▶ **WHAT YOU HAVE TO DO**:
What you give back from the listing below should be an exact copy of the lines from the one with "Vos dimensions sont" down to the one with "Hot Mulligan The", and it should contain no pictures.

▶ **MATERIAL FOR THIS EXERCISE**:
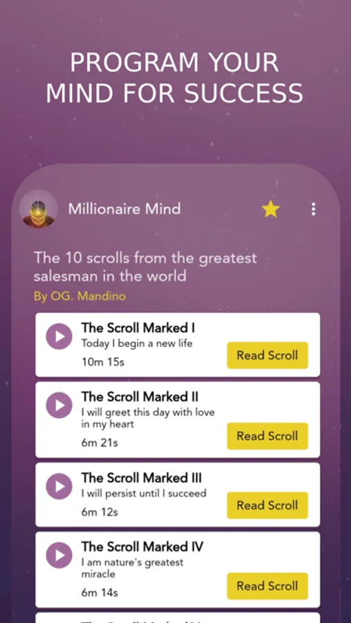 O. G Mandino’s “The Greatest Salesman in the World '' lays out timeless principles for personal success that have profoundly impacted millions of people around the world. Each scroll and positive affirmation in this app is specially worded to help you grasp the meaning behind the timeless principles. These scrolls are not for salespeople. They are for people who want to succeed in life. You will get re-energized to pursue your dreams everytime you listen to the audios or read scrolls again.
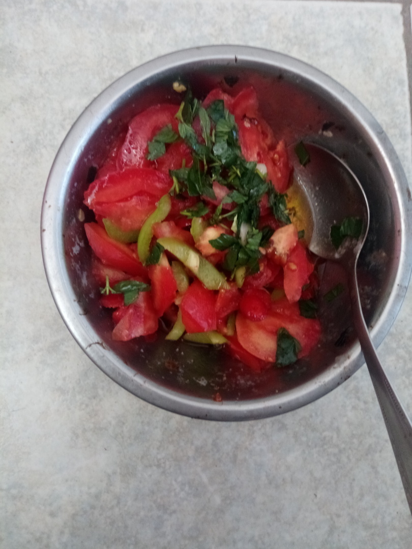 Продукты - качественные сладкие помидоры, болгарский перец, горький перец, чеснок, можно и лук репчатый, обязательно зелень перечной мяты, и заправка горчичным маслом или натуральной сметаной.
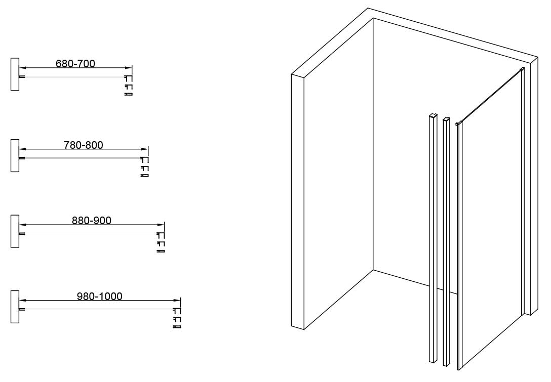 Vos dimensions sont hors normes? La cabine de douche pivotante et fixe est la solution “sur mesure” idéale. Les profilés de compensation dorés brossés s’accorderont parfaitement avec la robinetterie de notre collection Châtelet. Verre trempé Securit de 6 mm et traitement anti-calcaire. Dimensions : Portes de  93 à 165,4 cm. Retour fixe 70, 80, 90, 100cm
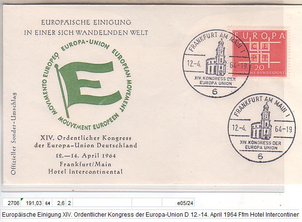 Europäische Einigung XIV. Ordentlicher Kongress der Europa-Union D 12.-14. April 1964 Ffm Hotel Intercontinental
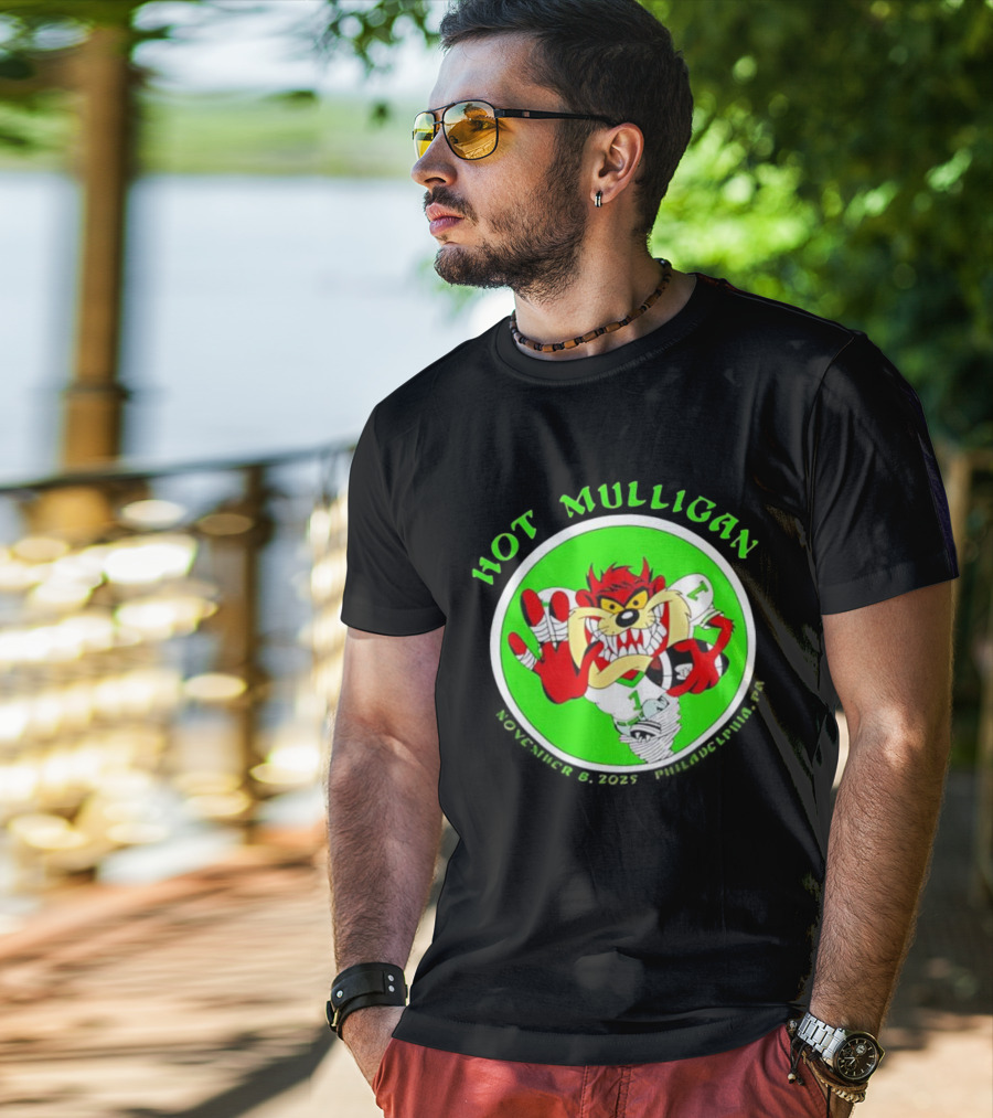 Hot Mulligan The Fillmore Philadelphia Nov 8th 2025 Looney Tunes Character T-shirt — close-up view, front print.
==
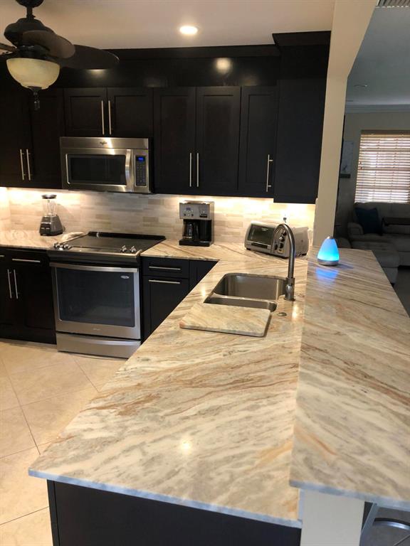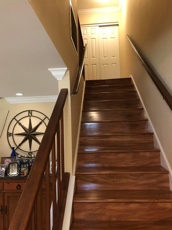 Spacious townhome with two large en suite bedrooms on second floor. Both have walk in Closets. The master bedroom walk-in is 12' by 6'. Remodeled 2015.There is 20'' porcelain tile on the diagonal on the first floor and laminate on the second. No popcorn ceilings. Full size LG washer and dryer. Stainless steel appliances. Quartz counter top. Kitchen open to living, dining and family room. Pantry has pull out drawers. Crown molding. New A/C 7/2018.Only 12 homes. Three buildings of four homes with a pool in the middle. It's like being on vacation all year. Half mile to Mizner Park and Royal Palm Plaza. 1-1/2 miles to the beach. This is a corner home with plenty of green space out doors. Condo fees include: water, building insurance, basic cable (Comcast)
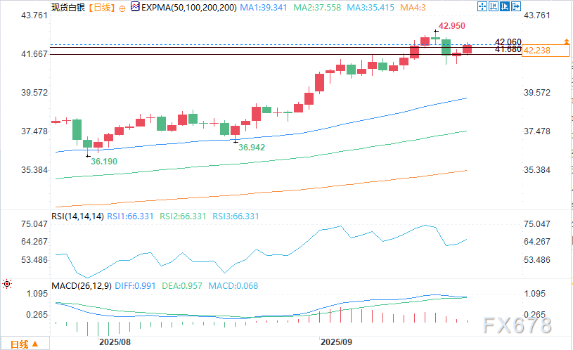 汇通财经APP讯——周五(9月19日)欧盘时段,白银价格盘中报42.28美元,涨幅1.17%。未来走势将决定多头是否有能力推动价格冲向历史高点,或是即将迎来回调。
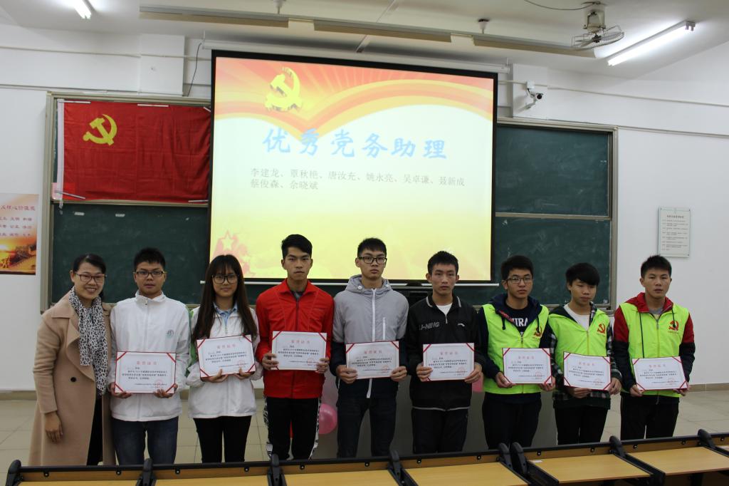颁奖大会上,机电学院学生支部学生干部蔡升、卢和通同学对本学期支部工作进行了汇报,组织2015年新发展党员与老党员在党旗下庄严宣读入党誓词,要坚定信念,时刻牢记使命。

▶ **EXPECTED ANSWER**:
 Vos dimensions sont hors normes? La cabine de douche pivotante et fixe est la solution “sur mesure” idéale. Les profilés de compensation dorés brossés s’accorderont parfaitement avec la robinetterie de notre collection Châtelet. Verre trempé Securit de 6 mm et traitement anti-calcaire. Dimensions : Portes de  93 à 165,4 cm. Retour fixe 70, 80, 90, 100cm
 Europäische Einigung XIV. Ordentlicher Kongress der Europa-Union D 12.-14. April 1964 Ffm Hotel Intercontinental
 Hot Mulligan The Fillmore Philadelphia Nov 8th 2025 Looney Tunes Character T-shirt — close-up view, front print.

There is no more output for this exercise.